_Task brief:_
Nothing but the text belongs in the answer: the listing below, copied exactly, without pictures.

_Supplied records:_

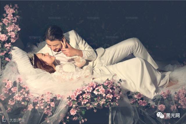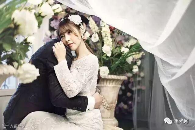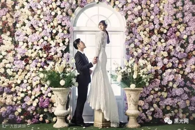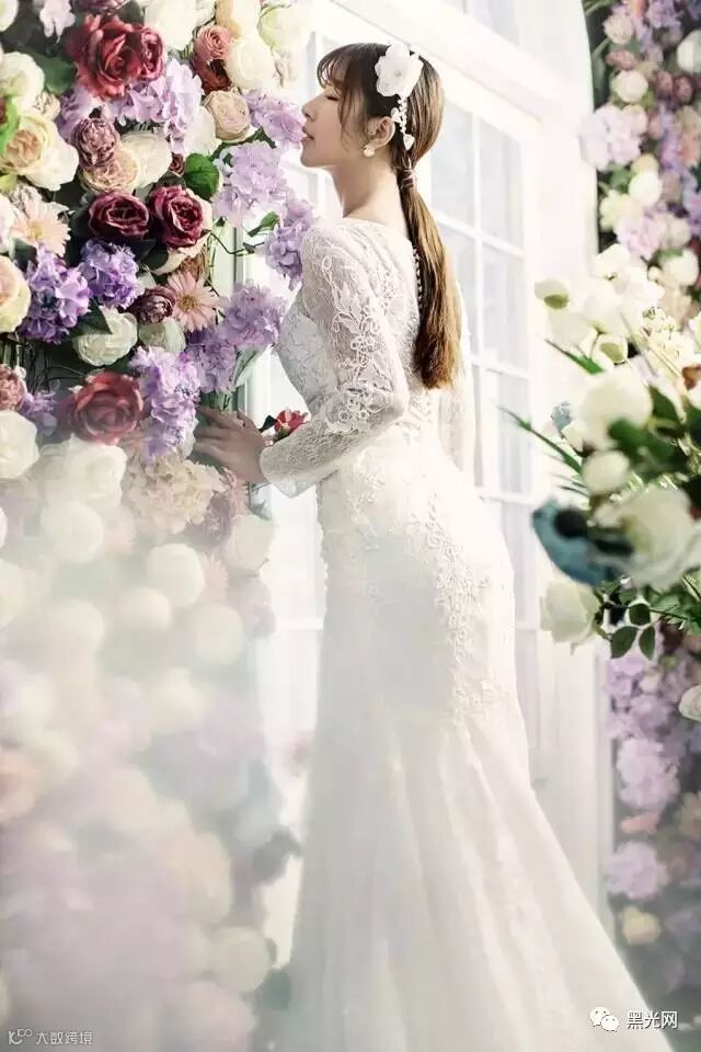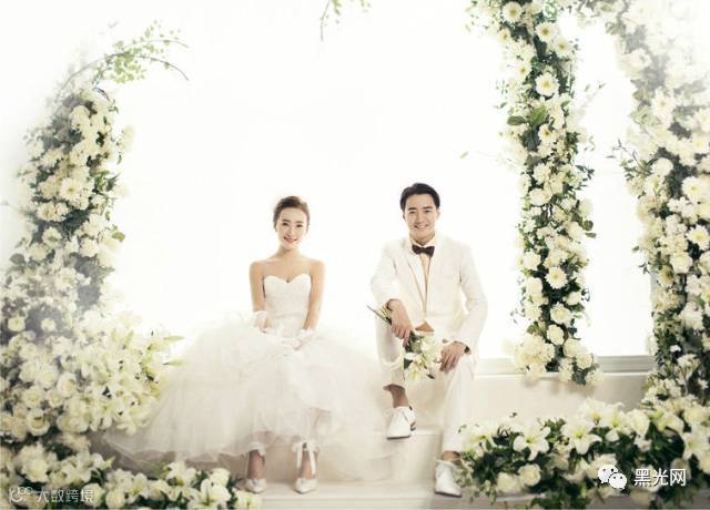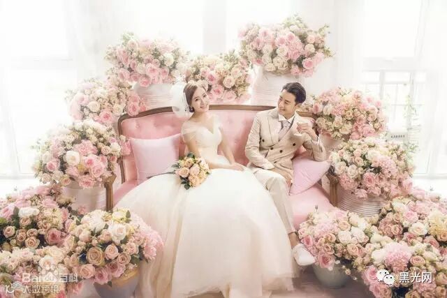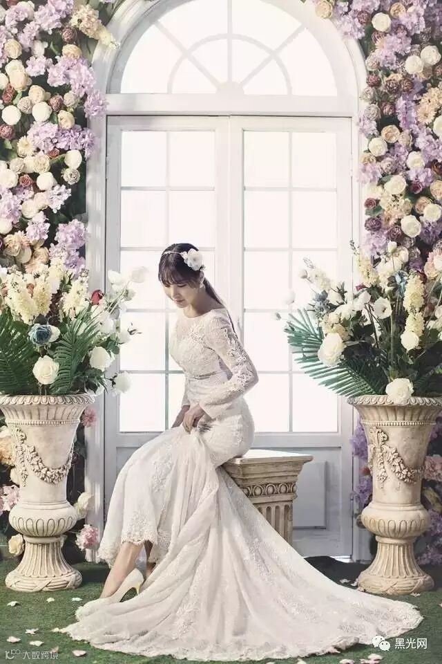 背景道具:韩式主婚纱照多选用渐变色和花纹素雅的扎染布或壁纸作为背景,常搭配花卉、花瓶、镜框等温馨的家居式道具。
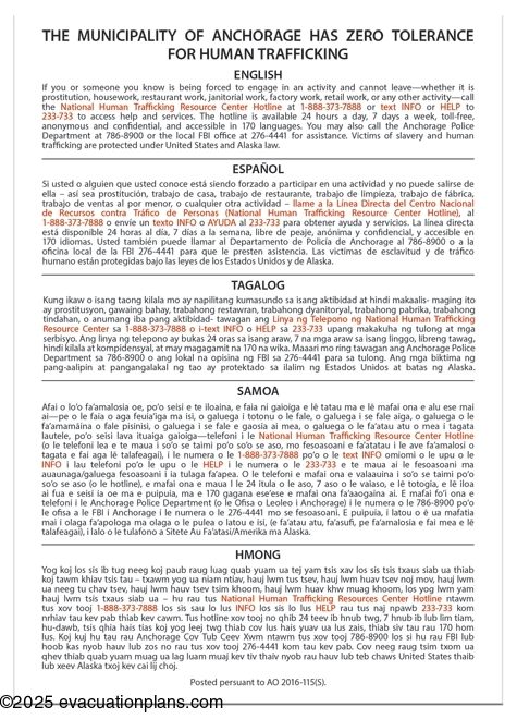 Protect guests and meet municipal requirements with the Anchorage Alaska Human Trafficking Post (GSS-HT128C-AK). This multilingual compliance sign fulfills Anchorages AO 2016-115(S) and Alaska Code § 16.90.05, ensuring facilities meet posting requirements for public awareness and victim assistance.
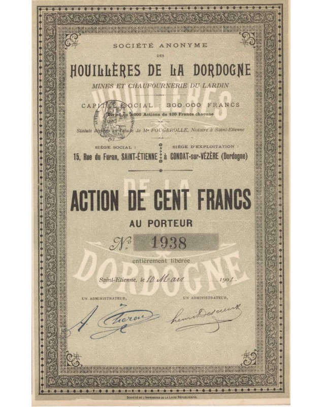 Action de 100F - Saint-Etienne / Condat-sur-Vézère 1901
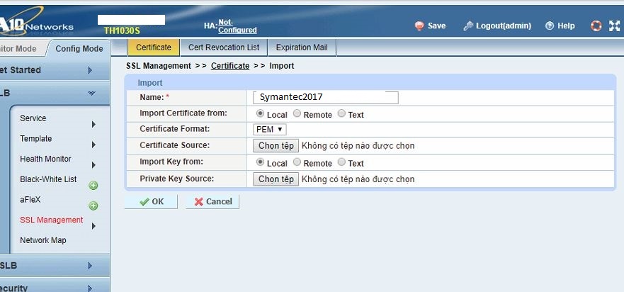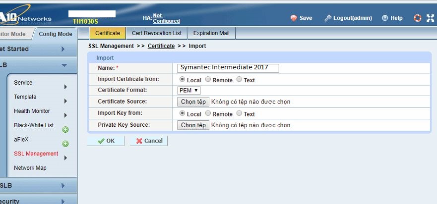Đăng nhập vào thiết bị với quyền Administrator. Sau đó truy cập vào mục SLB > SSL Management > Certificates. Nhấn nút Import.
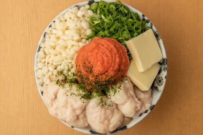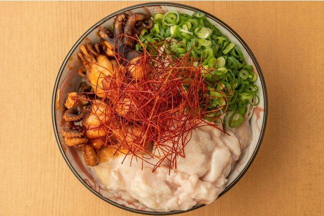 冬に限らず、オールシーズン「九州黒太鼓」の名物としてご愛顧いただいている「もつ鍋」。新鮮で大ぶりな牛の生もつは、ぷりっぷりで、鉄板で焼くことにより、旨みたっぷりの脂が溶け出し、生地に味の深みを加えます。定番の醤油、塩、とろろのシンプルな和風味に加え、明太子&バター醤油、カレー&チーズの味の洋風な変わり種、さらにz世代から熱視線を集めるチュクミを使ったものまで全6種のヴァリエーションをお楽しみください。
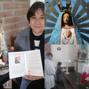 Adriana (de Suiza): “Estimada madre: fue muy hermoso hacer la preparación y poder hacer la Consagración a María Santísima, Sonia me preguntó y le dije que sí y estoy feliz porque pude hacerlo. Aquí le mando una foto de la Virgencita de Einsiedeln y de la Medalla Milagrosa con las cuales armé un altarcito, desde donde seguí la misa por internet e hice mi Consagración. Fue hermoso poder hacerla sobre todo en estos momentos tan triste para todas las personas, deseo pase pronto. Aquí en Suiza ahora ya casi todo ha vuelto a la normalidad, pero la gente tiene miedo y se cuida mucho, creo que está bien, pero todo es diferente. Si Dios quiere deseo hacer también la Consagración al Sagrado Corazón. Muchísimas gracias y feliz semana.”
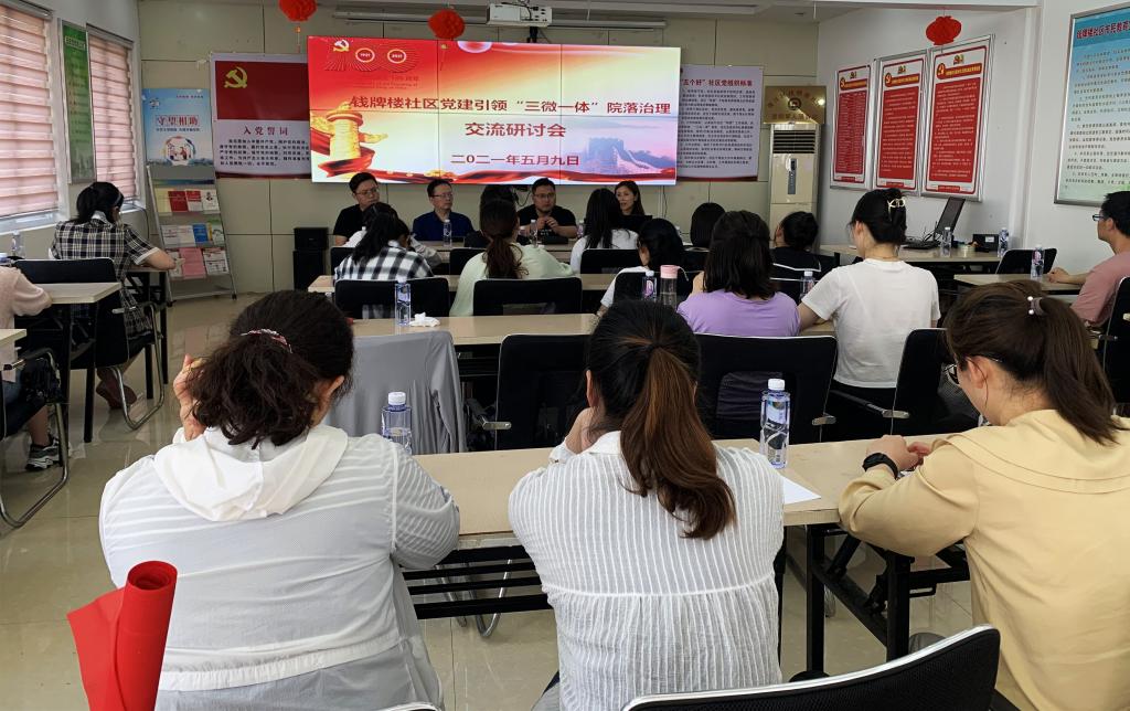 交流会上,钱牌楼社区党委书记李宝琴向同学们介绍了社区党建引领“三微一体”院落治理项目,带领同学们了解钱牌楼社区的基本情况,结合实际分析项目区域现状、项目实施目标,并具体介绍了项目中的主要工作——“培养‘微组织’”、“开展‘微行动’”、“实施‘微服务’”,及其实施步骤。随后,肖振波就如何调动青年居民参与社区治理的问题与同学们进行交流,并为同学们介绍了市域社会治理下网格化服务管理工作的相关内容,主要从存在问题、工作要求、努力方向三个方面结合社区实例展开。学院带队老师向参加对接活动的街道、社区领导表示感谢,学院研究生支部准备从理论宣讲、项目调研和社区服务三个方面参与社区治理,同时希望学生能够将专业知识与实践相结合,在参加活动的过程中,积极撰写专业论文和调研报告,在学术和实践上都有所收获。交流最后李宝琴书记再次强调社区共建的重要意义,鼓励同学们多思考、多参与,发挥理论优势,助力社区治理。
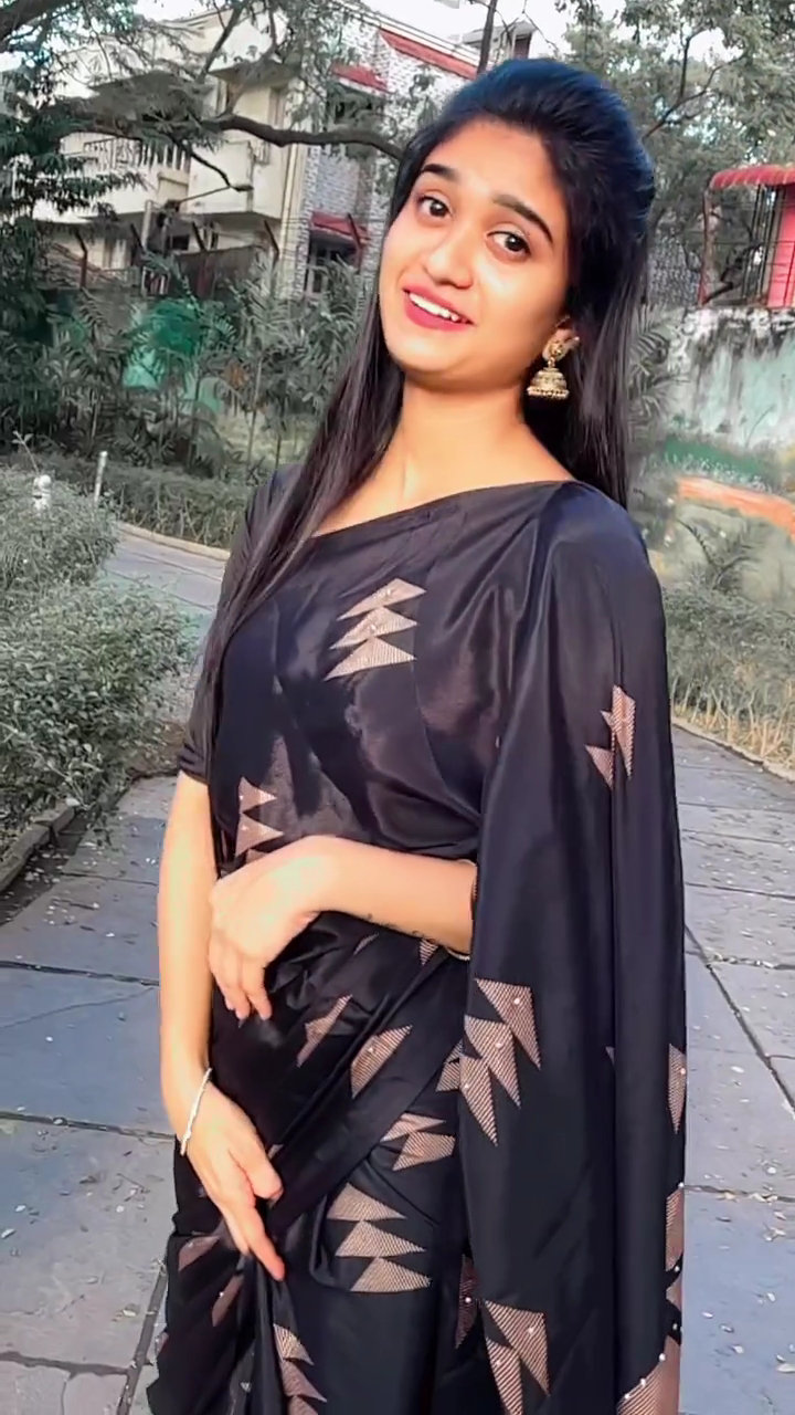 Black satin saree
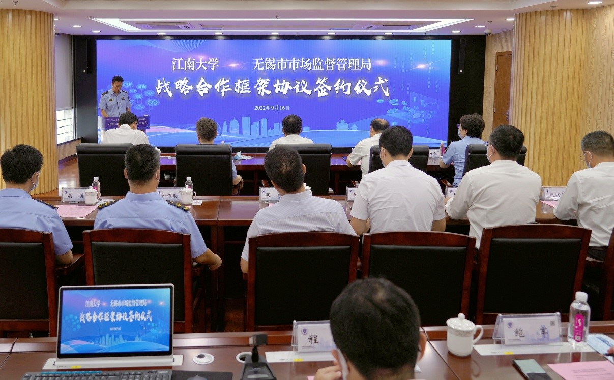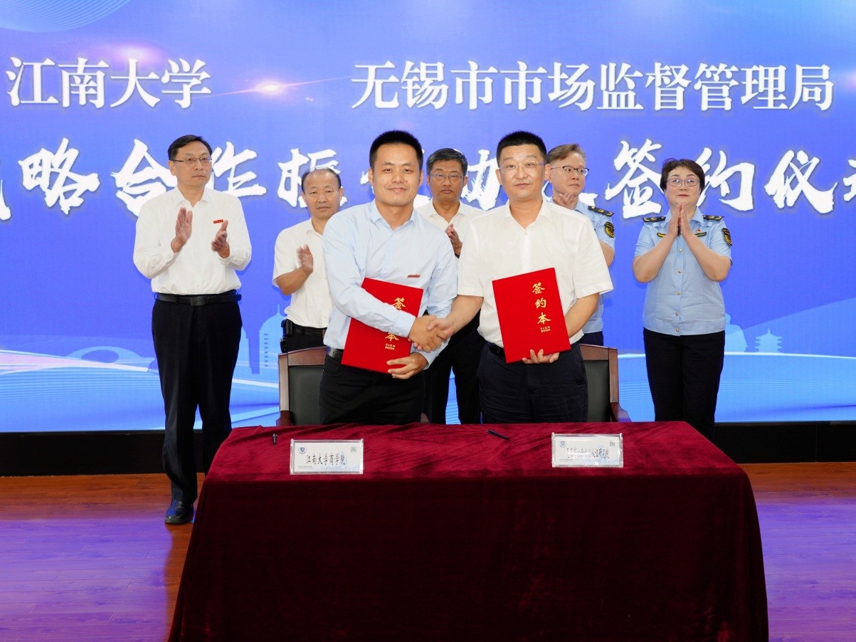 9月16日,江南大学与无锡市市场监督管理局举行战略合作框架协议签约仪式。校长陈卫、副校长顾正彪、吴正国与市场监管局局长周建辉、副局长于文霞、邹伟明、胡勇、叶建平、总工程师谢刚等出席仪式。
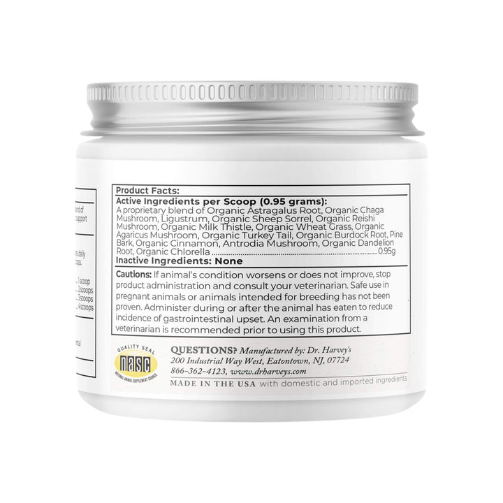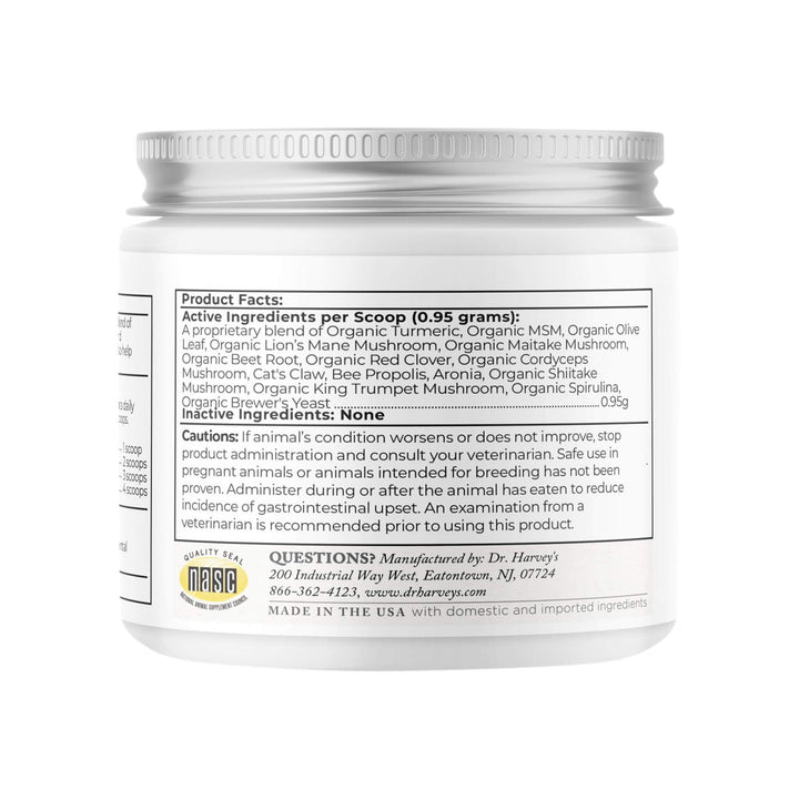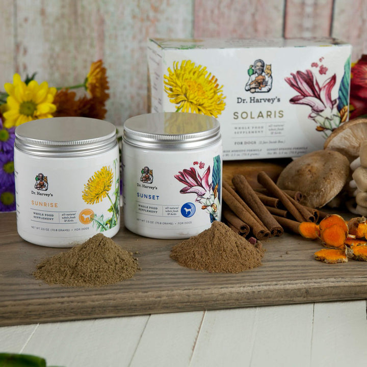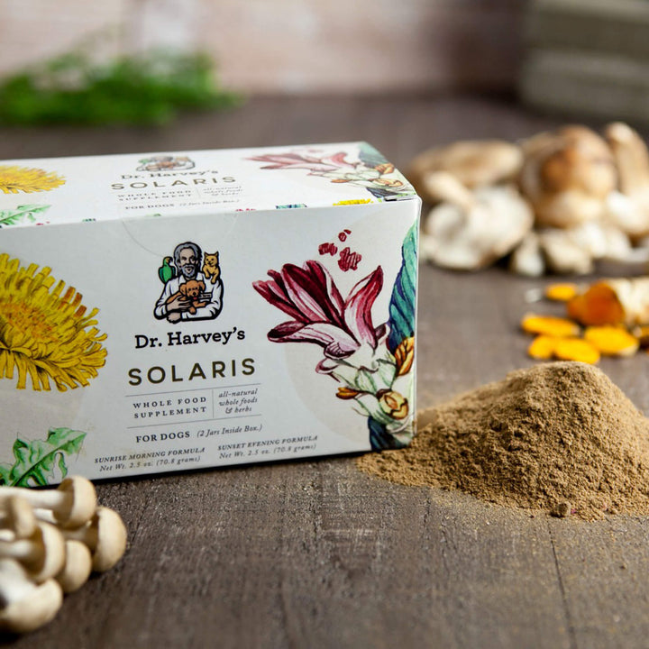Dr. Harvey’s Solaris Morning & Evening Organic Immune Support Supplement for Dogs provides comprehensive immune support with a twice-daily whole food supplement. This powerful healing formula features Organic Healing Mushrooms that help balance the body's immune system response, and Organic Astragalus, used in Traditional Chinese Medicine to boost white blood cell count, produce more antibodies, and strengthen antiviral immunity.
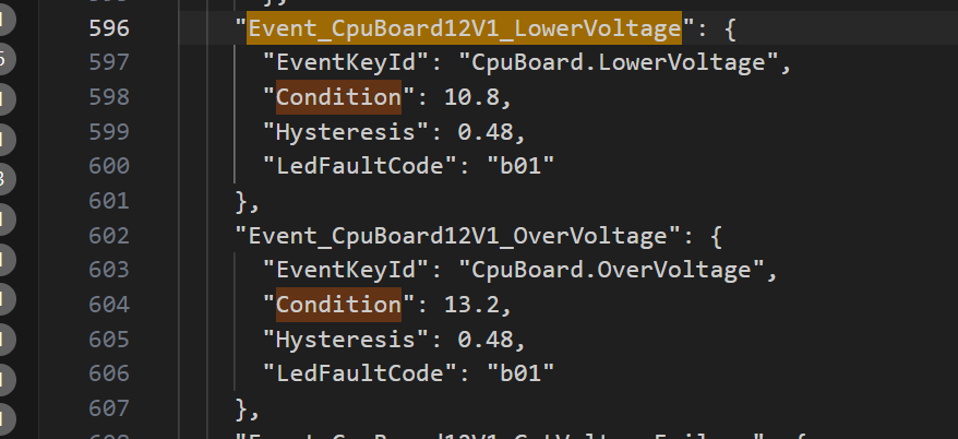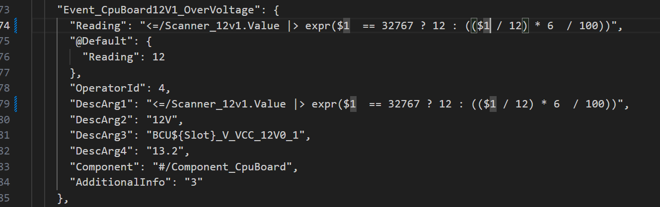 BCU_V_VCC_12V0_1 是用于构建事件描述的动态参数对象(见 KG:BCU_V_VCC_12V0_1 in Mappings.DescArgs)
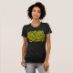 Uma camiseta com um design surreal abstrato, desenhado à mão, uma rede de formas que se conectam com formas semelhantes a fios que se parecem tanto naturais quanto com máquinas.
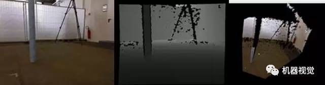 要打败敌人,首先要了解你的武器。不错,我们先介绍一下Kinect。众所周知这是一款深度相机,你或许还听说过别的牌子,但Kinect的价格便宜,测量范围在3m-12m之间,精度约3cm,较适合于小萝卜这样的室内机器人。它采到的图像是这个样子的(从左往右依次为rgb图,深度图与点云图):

_Output:_
 背景道具:韩式主婚纱照多选用渐变色和花纹素雅的扎染布或壁纸作为背景,常搭配花卉、花瓶、镜框等温馨的家居式道具。
 Protect guests and meet municipal requirements with the Anchorage Alaska Human Trafficking Post (GSS-HT128C-AK). This multilingual compliance sign fulfills Anchorages AO 2016-115(S) and Alaska Code § 16.90.05, ensuring facilities meet posting requirements for public awareness and victim assistance.
 Action de 100F - Saint-Etienne / Condat-sur-Vézère 1901
Đăng nhập vào thiết bị với quyền Administrator. Sau đó truy cập vào mục SLB > SSL Management > Certificates. Nhấn nút Import.
 冬に限らず、オールシーズン「九州黒太鼓」の名物としてご愛顧いただいている「もつ鍋」。新鮮で大ぶりな牛の生もつは、ぷりっぷりで、鉄板で焼くことにより、旨みたっぷりの脂が溶け出し、生地に味の深みを加えます。定番の醤油、塩、とろろのシンプルな和風味に加え、明太子&バター醤油、カレー&チーズの味の洋風な変わり種、さらにz世代から熱視線を集めるチュクミを使ったものまで全6種のヴァリエーションをお楽しみください。
 Adriana (de Suiza): “Estimada madre: fue muy hermoso hacer la preparación y poder hacer la Consagración a María Santísima, Sonia me preguntó y le dije que sí y estoy feliz porque pude hacerlo. Aquí le mando una foto de la Virgencita de Einsiedeln y de la Medalla Milagrosa con las cuales armé un altarcito, desde donde seguí la misa por internet e hice mi Consagración. Fue hermoso poder hacerla sobre todo en estos momentos tan triste para todas las personas, deseo pase pronto. Aquí en Suiza ahora ya casi todo ha vuelto a la normalidad, pero la gente tiene miedo y se cuida mucho, creo que está bien, pero todo es diferente. Si Dios quiere deseo hacer también la Consagración al Sagrado Corazón. Muchísimas gracias y feliz semana.”
 交流会上,钱牌楼社区党委书记李宝琴向同学们介绍了社区党建引领“三微一体”院落治理项目,带领同学们了解钱牌楼社区的基本情况,结合实际分析项目区域现状、项目实施目标,并具体介绍了项目中的主要工作——“培养‘微组织’”、“开展‘微行动’”、“实施‘微服务’”,及其实施步骤。随后,肖振波就如何调动青年居民参与社区治理的问题与同学们进行交流,并为同学们介绍了市域社会治理下网格化服务管理工作的相关内容,主要从存在问题、工作要求、努力方向三个方面结合社区实例展开。学院带队老师向参加对接活动的街道、社区领导表示感谢,学院研究生支部准备从理论宣讲、项目调研和社区服务三个方面参与社区治理,同时希望学生能够将专业知识与实践相结合,在参加活动的过程中,积极撰写专业论文和调研报告,在学术和实践上都有所收获。交流最后李宝琴书记再次强调社区共建的重要意义,鼓励同学们多思考、多参与,发挥理论优势,助力社区治理。
 Black satin saree
 9月16日,江南大学与无锡市市场监督管理局举行战略合作框架协议签约仪式。校长陈卫、副校长顾正彪、吴正国与市场监管局局长周建辉、副局长于文霞、邹伟明、胡勇、叶建平、总工程师谢刚等出席仪式。
Dr. Harvey’s Solaris Morning & Evening Organic Immune Support Supplement for Dogs provides comprehensive immune support with a twice-daily whole food supplement. This powerful healing formula features Organic Healing Mushrooms that help balance the body's immune system response, and Organic Astragalus, used in Traditional Chinese Medicine to boost white blood cell count, produce more antibodies, and strengthen antiviral immunity.
 BCU_V_VCC_12V0_1 是用于构建事件描述的动态参数对象(见 KG:BCU_V_VCC_12V0_1 in Mappings.DescArgs)
 Uma camiseta com um design surreal abstrato, desenhado à mão, uma rede de formas que se conectam com formas semelhantes a fios que se parecem tanto naturais quanto com máquinas.
 要打败敌人,首先要了解你的武器。不错,我们先介绍一下Kinect。众所周知这是一款深度相机,你或许还听说过别的牌子,但Kinect的价格便宜,测量范围在3m-12m之间,精度约3cm,较适合于小萝卜这样的室内机器人。它采到的图像是这个样子的(从左往右依次为rgb图,深度图与点云图):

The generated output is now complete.